### Assignment
Your copy begins at the line with "アライメント調整とは、クルマに対するタイヤの取付角度を調整することです。" and runs through the end of the data below. Set down only those lines exactly, without pictures.

### Supplied data
──────────

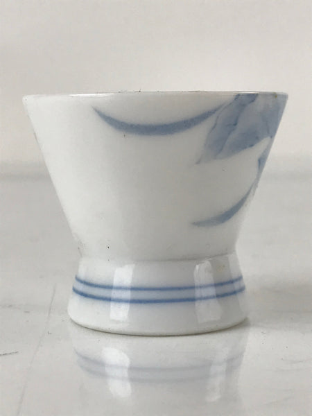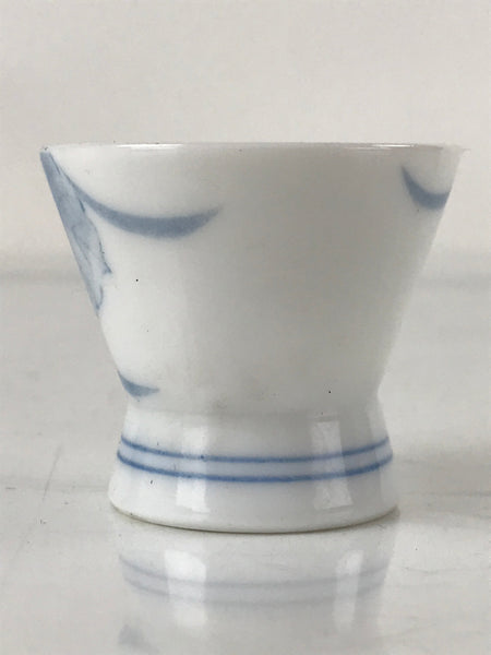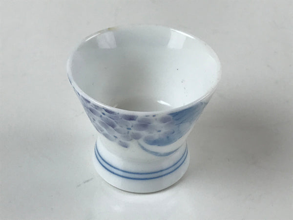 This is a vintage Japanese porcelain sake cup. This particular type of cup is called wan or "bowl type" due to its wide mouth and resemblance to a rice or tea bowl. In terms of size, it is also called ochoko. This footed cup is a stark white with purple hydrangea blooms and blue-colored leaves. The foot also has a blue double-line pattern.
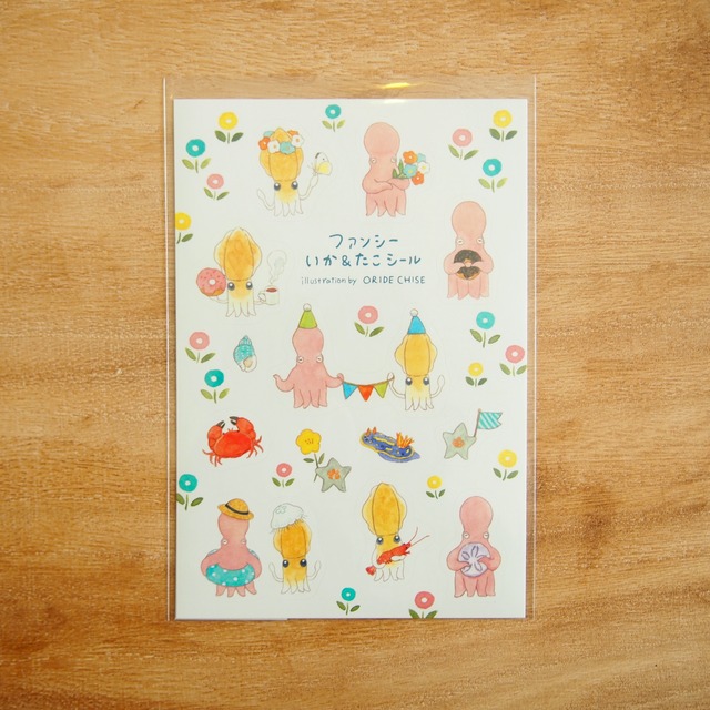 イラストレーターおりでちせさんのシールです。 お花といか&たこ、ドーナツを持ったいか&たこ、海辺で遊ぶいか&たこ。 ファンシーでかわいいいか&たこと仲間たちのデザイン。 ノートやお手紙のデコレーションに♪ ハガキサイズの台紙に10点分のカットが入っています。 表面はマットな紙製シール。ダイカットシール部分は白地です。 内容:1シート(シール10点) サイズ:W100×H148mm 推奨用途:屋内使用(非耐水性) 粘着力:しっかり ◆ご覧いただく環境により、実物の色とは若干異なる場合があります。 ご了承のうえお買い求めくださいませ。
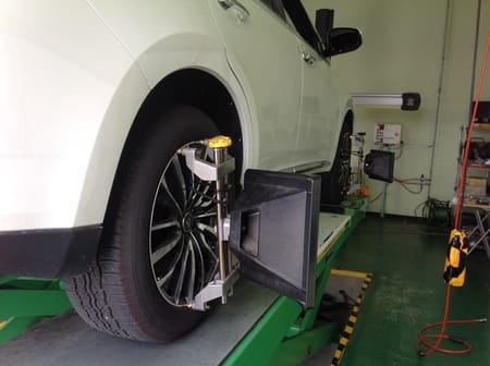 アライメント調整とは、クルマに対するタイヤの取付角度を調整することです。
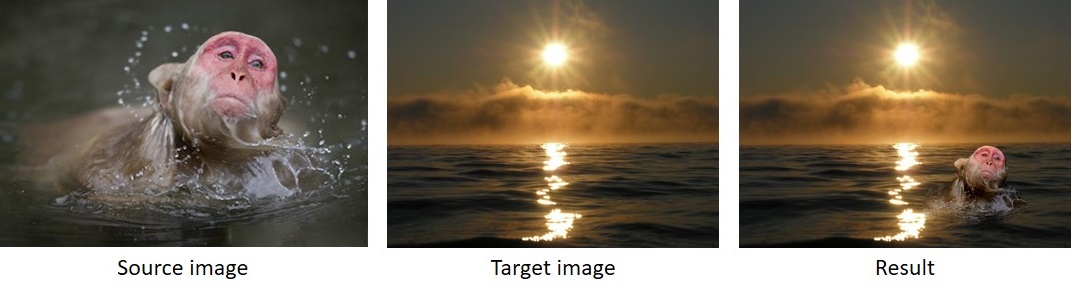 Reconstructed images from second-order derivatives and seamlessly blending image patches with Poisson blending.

──────────

### Exercise solution
 アライメント調整とは、クルマに対するタイヤの取付角度を調整することです。
 Reconstructed images from second-order derivatives and seamlessly blending image patches with Poisson blending.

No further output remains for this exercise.